Species of sea snail

Conus gratacapii is a species of sea snail, a marine gastropod mollusk in the family Conidae, the cone snails and their allies.

Like all species within the genus Conus, these snails are predatory and venomous. They are capable of stinging humans, therefore live ones should be handled carefully or not at all.

This species is named for Mr. L. P. Gratacap, of the American Museum of Natural History.

==Description==
The size of the shell varies between 27 mm and 44 mm.

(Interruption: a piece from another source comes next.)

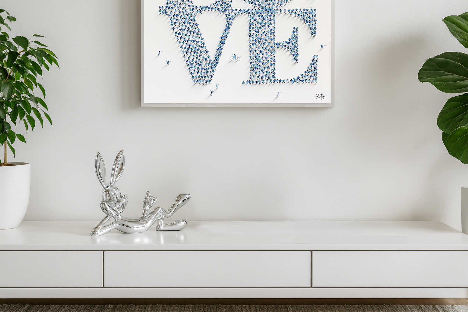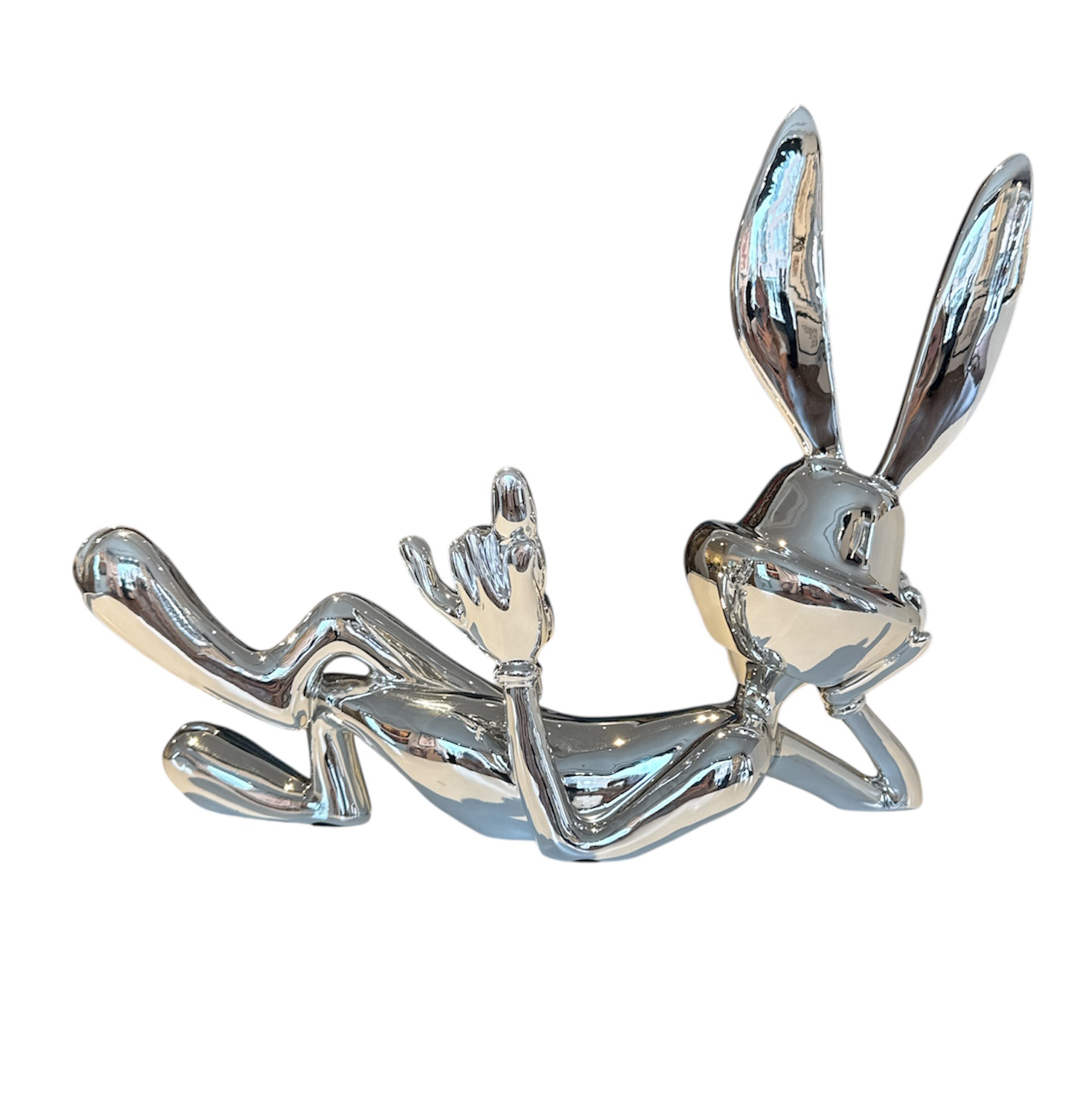 Het beeld Lazy Bunny is gemaakt van verchroomd polystone, wat zorgt voor een duurzame en hoogwaardige afwerking. De chromen afwerking geeft het beeld een moderne en futuristische uitstraling, perfect passend in elk interieur.

(Original description by H.Pilsbry) The shell is slender and lengthened, the diameter somewhat exceeding one-third of the length. The high straight-sided spire occupies two-fifths the length of the shell. The apex is broken. The 12 whorls remaining are flat, with the smooth peripheral angle immediately above the suture, but scarcely projecting, a little more prominent on the upper than on the lower whorls. The surface of each whorl is a trifle concave, and sculptured with about 6 low, unequal spiral cords. Below the peripheral angle the body whorl is sculptured with about 25 spiral grooves, weaker above, stronger and closer below; and the growth-striae curve strongly backward near the angle. The aperture is very narrow, and of equal width throughout, and two-thirds as long as the shell.

==Distribution==
This marine species occurs off Taiwan and Japan.